Ну, продолжение этой сцены ты можешь себе представить… Она либо разворачивается в доме, либо, если мы едем издалека, все завершается прямо в экипаже.
Так как Франц помешался на мне, он трактует мой успех сквозь призму своей страсти: при виде меня смертные ощущают отголосок того, что испытывает он.
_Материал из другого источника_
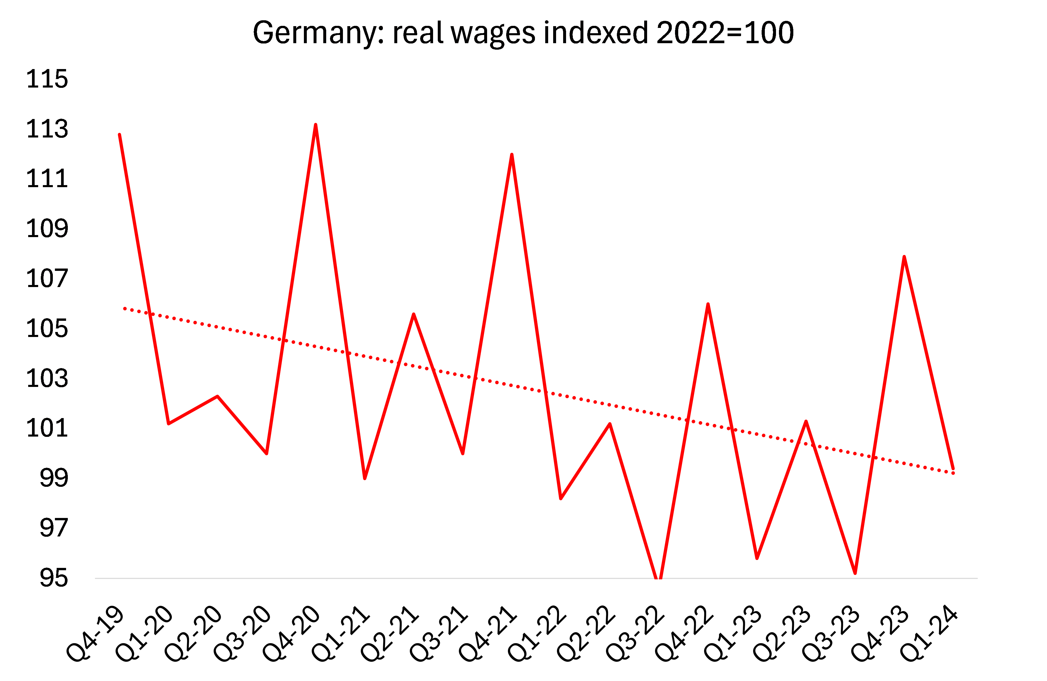 지난 4년 동안 독일 노동자의 실질 임금이 급락한 것은 당연하다. 2020년 하반기 완만한 회복세에도 불구하고 2023년 팬데믹이 끝난 이후 무려 6%나 감소했다. 그리고 최근 유럽의회 선거에서 독일의 '강경 우파' 정당들이 선전한 것도 당연한 일이다.
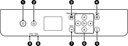 Tænder eller slukker for printeren. Tag strømkablet ud, når strømindikatoren er slukket. |

Бедный Франц, если бы он знал, чем вызван мой жалкий триумф!.. Когда меня спрашивают: «Как вы себя чувствуете?» — я пылко отвечаю: «А вы сами?» Слишком низко оценивая себя, чтобы откровенничать, я предпочитаю интересоваться другими. Никто не обвинит меня в том, что я уклоняюсь от ответа, моя отстраненность, похоже, несет положительный сигнал; и вот мой собеседник раскрепощается, он может затронуть любимый сюжет — поговорить о себе самом. Путь свободен! Он поверяет мне свои радости и страдания, превозносит себя, жалуется, шутит, плачется на невзгоды, выдает дерзкие мнения, выкладывает мне секреты, отваживается выказать угрызения совести и раскаяние, он выражает надежды, изливает настроение, посвящает в свой выбор, причем без разбору — я принимаю все. Происходит словесная разрядка. В обществе я пользуюсь прекрасной репутацией в той мере, в какой превратилась в слух. Не имея, что сказать, я доставляю себе удовольствие слушать; зануда с дурным запахом изо рта интересует меня больше, чем моя скромная особа. Так что нетрудно представить, с какой скоростью ко мне сбегается народ, стоит мне переступить порог гостиной. На самом деле мои достижения основаны на ловком трюке: я — священник, который не осуждает! Под золоченой лепниной, среди цветов в горшках я располагаюсь в импровизированной исповедальне. Смотреть на меня приятнее, чем на многих кюре, я более терпима, чем они, кроме того, я воздерживаюсь от наказания кающихся.